| Exercise |
For the records below, output word for word the lines from the one with "Podlahová nerezová nájezdová" up to and including the one with "NOW® Csonterő mikrokristályos". No pictures.

| Records to use |
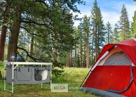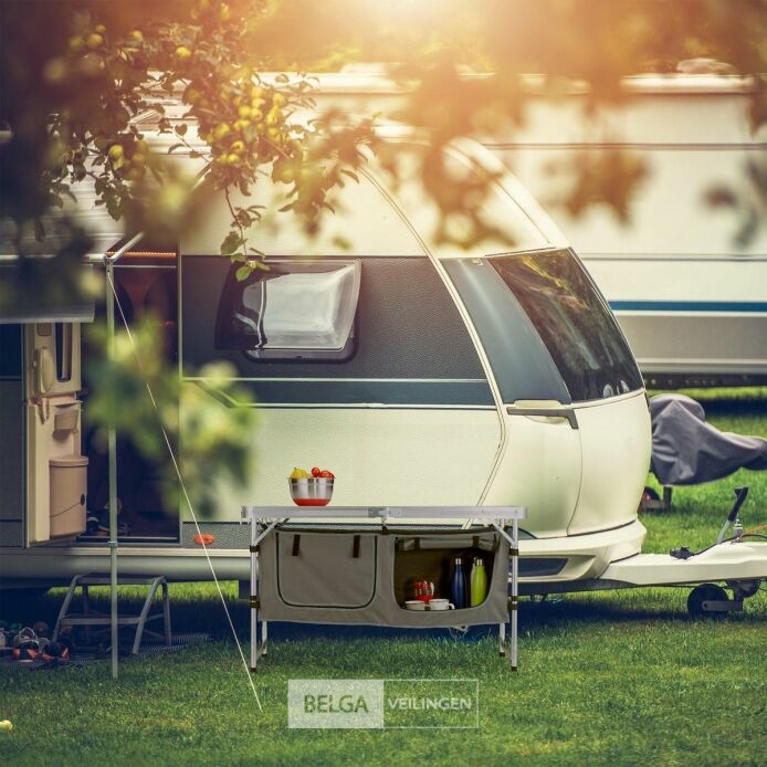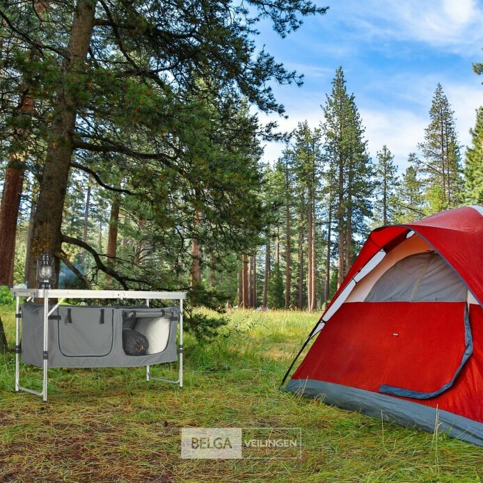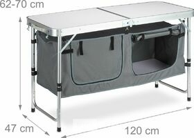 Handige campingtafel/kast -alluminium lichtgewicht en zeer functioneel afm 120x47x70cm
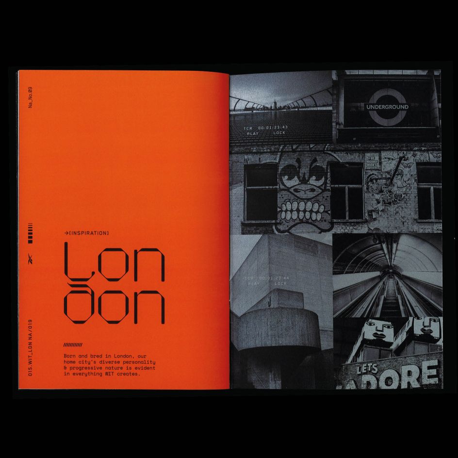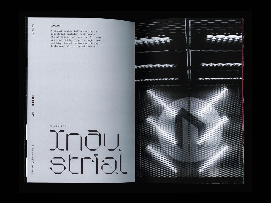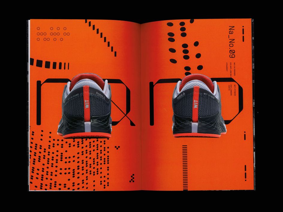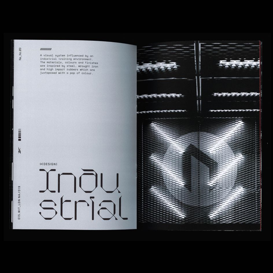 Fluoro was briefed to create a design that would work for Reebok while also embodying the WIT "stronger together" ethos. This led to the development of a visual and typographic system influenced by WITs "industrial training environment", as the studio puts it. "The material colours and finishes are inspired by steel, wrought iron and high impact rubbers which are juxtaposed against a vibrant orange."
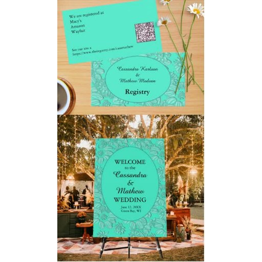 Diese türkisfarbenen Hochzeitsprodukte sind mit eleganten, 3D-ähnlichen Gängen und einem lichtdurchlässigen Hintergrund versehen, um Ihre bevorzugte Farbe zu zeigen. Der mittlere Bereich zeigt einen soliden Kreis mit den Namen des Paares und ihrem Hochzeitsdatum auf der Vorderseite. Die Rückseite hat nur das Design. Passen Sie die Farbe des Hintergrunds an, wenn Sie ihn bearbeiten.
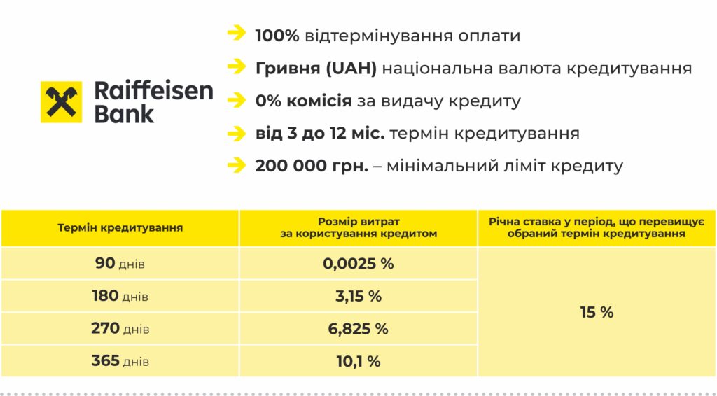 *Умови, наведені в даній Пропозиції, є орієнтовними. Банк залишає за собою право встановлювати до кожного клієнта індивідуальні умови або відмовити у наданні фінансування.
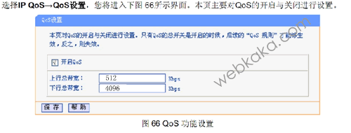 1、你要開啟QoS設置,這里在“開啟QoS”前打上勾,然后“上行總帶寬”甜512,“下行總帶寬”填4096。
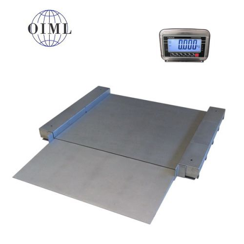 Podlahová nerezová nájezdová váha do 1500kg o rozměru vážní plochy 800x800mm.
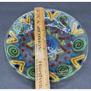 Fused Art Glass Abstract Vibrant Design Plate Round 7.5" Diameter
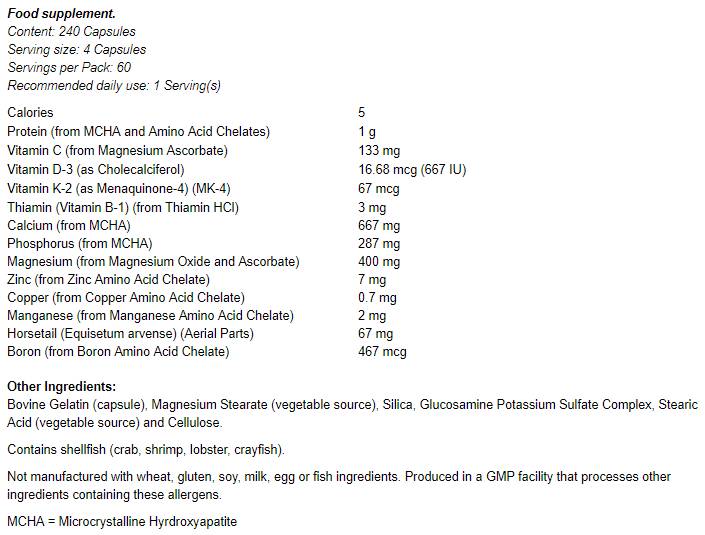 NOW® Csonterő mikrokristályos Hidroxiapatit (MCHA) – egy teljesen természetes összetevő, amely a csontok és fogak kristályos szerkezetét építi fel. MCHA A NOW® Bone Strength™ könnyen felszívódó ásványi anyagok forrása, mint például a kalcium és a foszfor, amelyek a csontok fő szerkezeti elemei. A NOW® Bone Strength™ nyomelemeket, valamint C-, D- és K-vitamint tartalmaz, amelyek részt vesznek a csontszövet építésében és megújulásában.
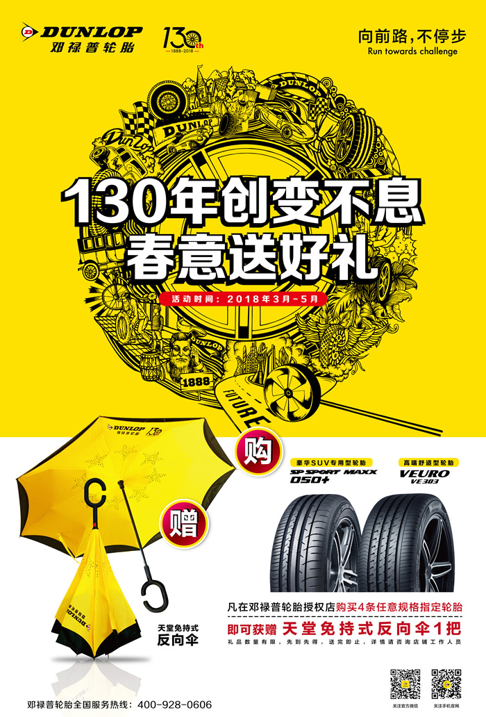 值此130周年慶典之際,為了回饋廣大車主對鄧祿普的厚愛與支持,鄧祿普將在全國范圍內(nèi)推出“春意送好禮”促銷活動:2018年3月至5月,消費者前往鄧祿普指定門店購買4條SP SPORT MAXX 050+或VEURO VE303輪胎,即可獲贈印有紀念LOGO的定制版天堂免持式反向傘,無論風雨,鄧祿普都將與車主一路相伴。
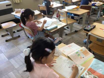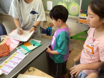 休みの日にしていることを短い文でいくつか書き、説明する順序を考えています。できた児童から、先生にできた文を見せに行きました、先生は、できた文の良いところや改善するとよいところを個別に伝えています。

| Solution |
 Podlahová nerezová nájezdová váha do 1500kg o rozměru vážní plochy 800x800mm.
 Fused Art Glass Abstract Vibrant Design Plate Round 7.5" Diameter
 NOW® Csonterő mikrokristályos Hidroxiapatit (MCHA) – egy teljesen természetes összetevő, amely a csontok és fogak kristályos szerkezetét építi fel. MCHA A NOW® Bone Strength™ könnyen felszívódó ásványi anyagok forrása, mint például a kalcium és a foszfor, amelyek a csontok fő szerkezeti elemei. A NOW® Bone Strength™ nyomelemeket, valamint C-, D- és K-vitamint tartalmaz, amelyek részt vesznek a csontszövet építésében és megújulásában.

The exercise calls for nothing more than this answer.